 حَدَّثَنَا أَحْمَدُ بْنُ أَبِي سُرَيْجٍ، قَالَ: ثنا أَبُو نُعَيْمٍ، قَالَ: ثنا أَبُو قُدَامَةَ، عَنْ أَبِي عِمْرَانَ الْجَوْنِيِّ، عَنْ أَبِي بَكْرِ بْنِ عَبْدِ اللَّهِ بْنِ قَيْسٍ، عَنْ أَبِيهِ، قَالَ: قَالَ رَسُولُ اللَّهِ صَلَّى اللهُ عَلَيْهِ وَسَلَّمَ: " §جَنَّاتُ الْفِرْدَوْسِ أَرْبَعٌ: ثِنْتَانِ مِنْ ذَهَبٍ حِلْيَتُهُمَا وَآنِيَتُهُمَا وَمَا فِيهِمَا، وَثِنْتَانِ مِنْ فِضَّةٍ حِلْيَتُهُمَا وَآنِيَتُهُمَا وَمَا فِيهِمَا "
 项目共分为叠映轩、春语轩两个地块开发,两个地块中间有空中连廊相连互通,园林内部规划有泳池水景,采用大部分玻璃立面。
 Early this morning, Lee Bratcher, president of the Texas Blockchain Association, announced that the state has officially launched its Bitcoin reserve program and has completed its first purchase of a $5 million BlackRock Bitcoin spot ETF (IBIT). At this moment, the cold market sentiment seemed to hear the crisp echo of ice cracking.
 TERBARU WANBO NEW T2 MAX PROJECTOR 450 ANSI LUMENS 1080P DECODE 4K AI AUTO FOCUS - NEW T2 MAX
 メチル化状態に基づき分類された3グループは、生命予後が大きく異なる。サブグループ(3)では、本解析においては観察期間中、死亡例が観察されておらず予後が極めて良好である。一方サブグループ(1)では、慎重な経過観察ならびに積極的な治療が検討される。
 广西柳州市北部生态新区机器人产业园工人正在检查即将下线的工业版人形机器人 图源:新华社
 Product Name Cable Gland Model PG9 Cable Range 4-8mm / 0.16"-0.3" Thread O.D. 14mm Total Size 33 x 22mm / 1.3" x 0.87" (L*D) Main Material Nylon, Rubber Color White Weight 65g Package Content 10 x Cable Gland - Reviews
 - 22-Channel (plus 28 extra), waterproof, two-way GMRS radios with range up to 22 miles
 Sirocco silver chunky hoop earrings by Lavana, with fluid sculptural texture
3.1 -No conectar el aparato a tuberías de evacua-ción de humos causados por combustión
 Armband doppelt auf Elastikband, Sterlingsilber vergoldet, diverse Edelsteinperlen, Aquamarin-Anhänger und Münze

————————

Print precisely the lines from the one with "- 22-Channel (plus" through the end of the data above, adding nothing.

 - 22-Channel (plus 28 extra), waterproof, two-way GMRS radios with range up to 22 miles
 Sirocco silver chunky hoop earrings by Lavana, with fluid sculptural texture
3.1 -No conectar el aparato a tuberías de evacua-ción de humos causados por combustión
 Armband doppelt auf Elastikband, Sterlingsilber vergoldet, diverse Edelsteinperlen, Aquamarin-Anhänger und Münze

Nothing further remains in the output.